**Problem:** From the line with "A stylish bar" to the line with "- Boundary constraint: When", output every line below exactly, both ends included. Skip the pictures.
The data START
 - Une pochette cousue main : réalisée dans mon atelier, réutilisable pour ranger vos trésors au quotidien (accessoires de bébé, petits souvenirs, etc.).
The data END
The data START
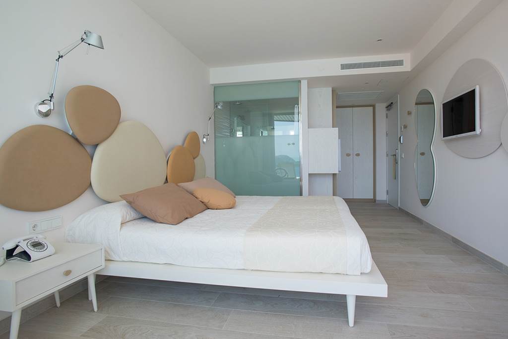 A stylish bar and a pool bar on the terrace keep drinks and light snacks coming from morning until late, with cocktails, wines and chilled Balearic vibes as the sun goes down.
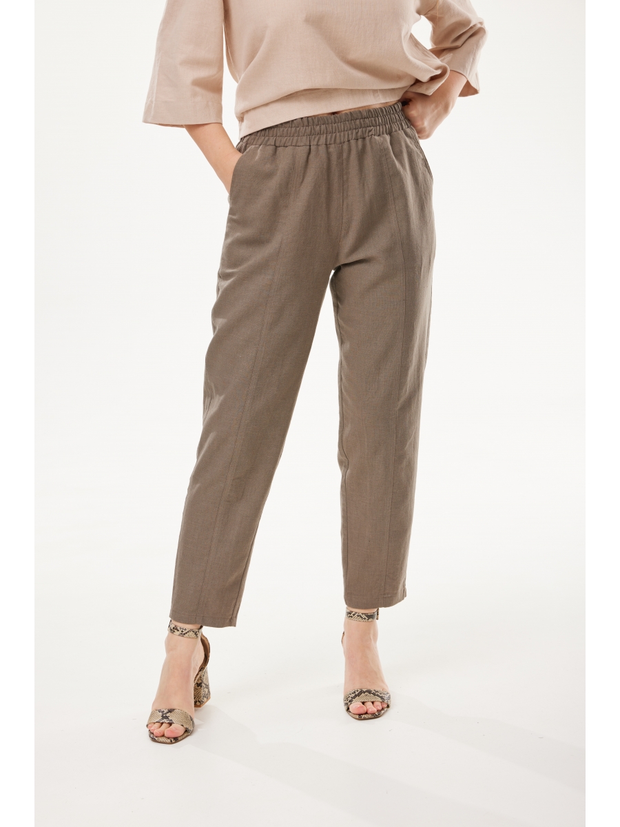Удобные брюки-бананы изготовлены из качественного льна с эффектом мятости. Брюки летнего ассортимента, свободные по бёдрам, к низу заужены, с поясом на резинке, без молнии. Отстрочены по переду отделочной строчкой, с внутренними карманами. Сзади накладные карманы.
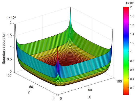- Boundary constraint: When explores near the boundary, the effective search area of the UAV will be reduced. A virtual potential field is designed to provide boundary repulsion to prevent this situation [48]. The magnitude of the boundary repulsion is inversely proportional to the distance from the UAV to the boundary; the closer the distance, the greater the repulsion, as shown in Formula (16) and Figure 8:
The data END
The data START
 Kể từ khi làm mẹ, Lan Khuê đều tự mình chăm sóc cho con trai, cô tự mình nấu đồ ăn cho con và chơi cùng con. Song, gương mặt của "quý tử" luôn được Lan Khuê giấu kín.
The data END
**Finished task:**
 A stylish bar and a pool bar on the terrace keep drinks and light snacks coming from morning until late, with cocktails, wines and chilled Balearic vibes as the sun goes down.
Удобные брюки-бананы изготовлены из качественного льна с эффектом мятости. Брюки летнего ассортимента, свободные по бёдрам, к низу заужены, с поясом на резинке, без молнии. Отстрочены по переду отделочной строчкой, с внутренними карманами. Сзади накладные карманы.
- Boundary constraint: When explores near the boundary, the effective search area of the UAV will be reduced. A virtual potential field is designed to provide boundary repulsion to prevent this situation [48]. The magnitude of the boundary repulsion is inversely proportional to the distance from the UAV to the boundary; the closer the distance, the greater the repulsion, as shown in Formula (16) and Figure 8:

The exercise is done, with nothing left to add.